Wensing M, Grol R, van Montfort P, Smits A
Centre for Quality of Care Research, Universities of Nijmegen and Maastricht, The Netherlands.
Qual Health Care. 1996 Jun;5(2):73-80. doi: 10.1136/qshc.5.2.73.
To develop a list of indicators of the general practice care of people with chronic illnesses considered important by both patients and practitioners and to identify the indicators that are considered relevant for patient assessment of health care quality.
Qualitative study with focus group interviews and a written consensus procedure.
General practice in the Netherlands in 1993.
34 patients with chronic illness, mostly members of patient organisations, and 19 general practitioners with expertise in either chronic disease management or experience with patient surveys.
Aspects of general practice care considered important for the delivery of good quality care that emerged from focus group interviews; the relevance of evaluations of 41 aspects of care for patients explored through the written consensus procedure. Those aspects of general practice care agreed to be both important and relevant by patients and general practitioners were considered to be suitable indicators for patient assessment of the quality of care.

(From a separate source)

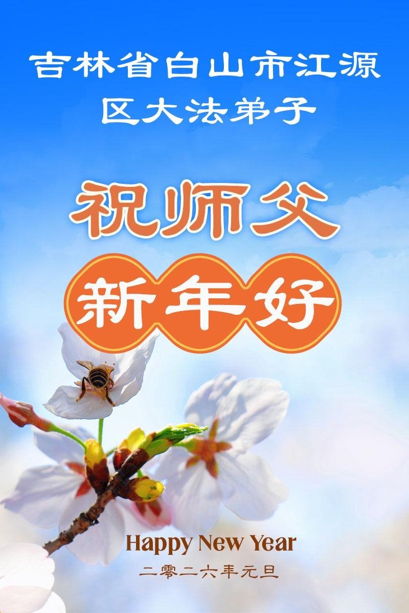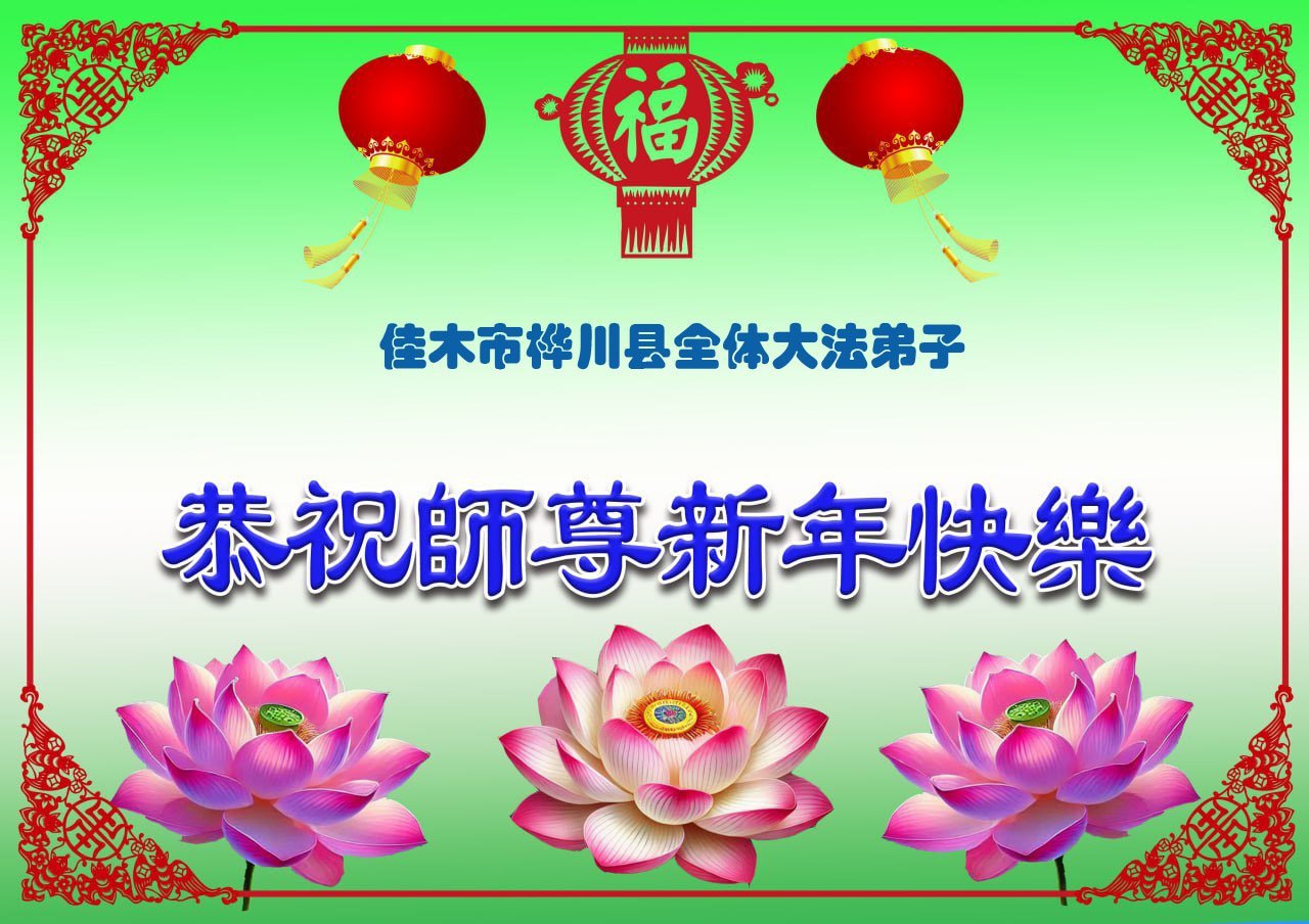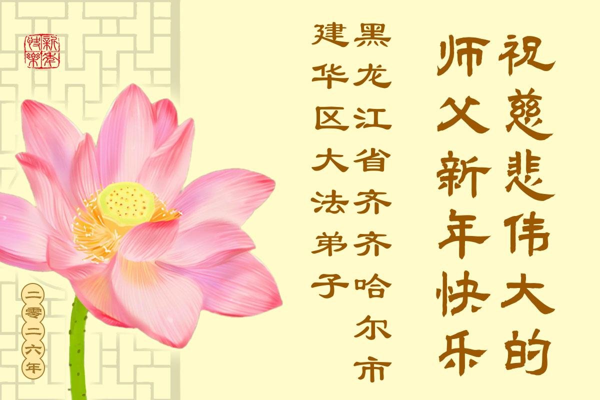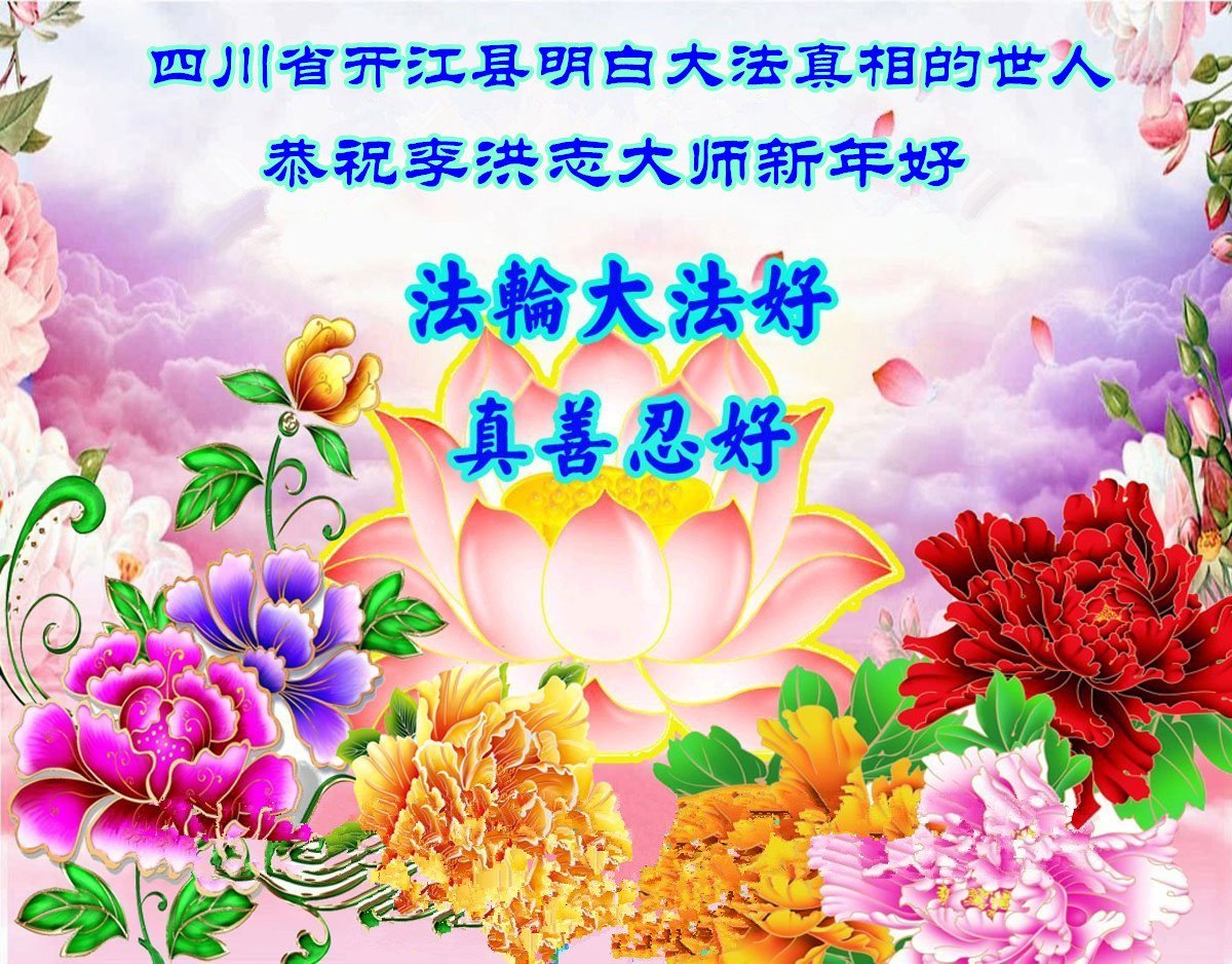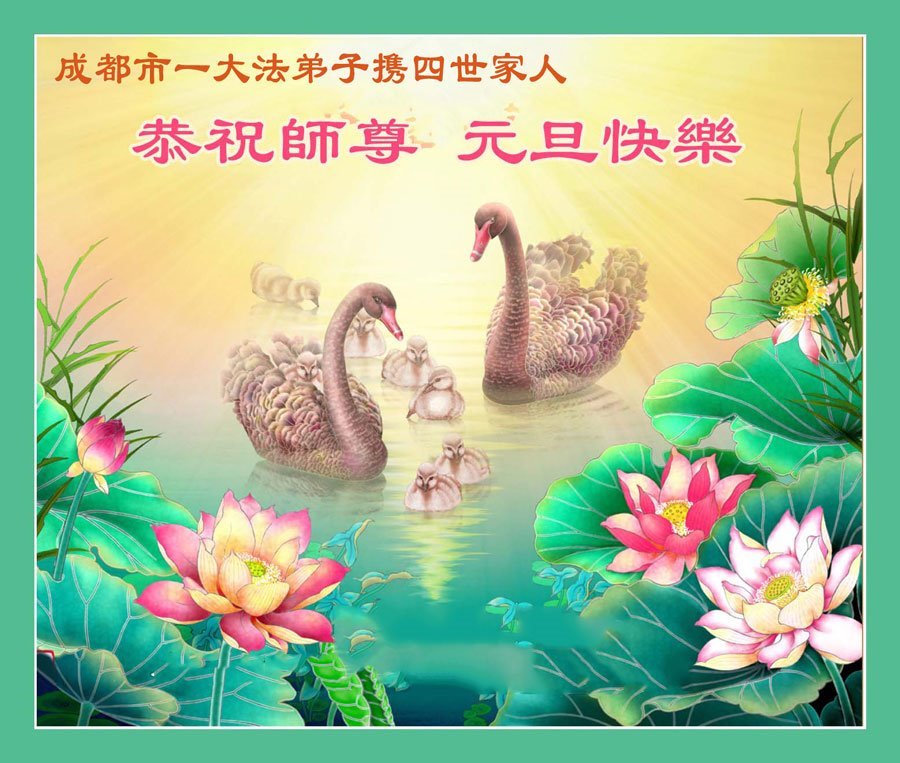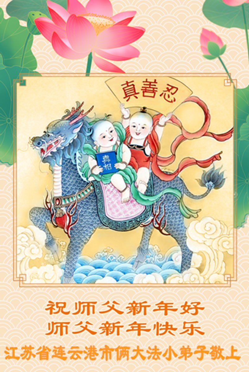 以下是部份來自中國各省、市、地區的學法煉功小組、講真相小組、資料點大法弟子們敬致師尊的新年賀詞賀卡:

Patients and general practitioners differed to some extent in their assessment of the aspects of care that they considered important for quality. They agreed that most indicators of care that related to the ¿doctor-patient relation¿ and to ¿information and support¿ were relevant and therefore suitable as indicators for patient assessment of health care quality. There was less agreement about the relevance of indicators of ¿medical and technical care,¿ ¿availability and accessibility,¿ and ¿organisation of services.¿
Several indicators of the quality of general practice care of patients with chronic illness were thought to be suitable for the patient assessment of healthcare quality, but other indicators were not, mainly because of reservations by general practitioners.
Qualitative methods can contribute to the selection of indicators for assessment of the quality of health care in areas where scientific evidence is limited or where patients' and providers' preferences are particularly important.
制定一份慢性病患者全科医疗护理指标清单,这些指标需同时被患者和从业者视为重要指标,并确定那些被认为与患者对医疗质量评估相关的指标。
采用焦点小组访谈和书面共识程序的定性研究。
1993年荷兰的全科医疗。
34名慢性病患者,大多是患者组织成员,以及19名在慢性病管理方面有专业知识或有患者调查经验的全科医生。
焦点小组访谈中出现的被认为对提供高质量护理很重要的全科医疗护理方面;通过书面共识程序探讨的41个护理方面对患者评估的相关性。患者和全科医生都认为既重要又相关的那些全科医疗护理方面被视为患者评估护理质量的合适指标。
患者和全科医生在对他们认为对质量很重要的护理方面的评估上存在一定程度的差异。他们一致认为,大多数与“医患关系”和“信息与支持”相关的护理指标是相关的,因此适合作为患者评估医疗质量的指标。对于“医疗和技术护理”、“可及性和便利性”以及“服务组织”方面的指标的相关性,意见分歧较小。
一些慢性病患者全科医疗护理质量指标被认为适合患者评估医疗质量,但其他指标则不然,主要是因为全科医生有所保留。
在科学证据有限或患者和提供者的偏好特别重要的领域,定性方法有助于选择用于评估医疗质量的指标。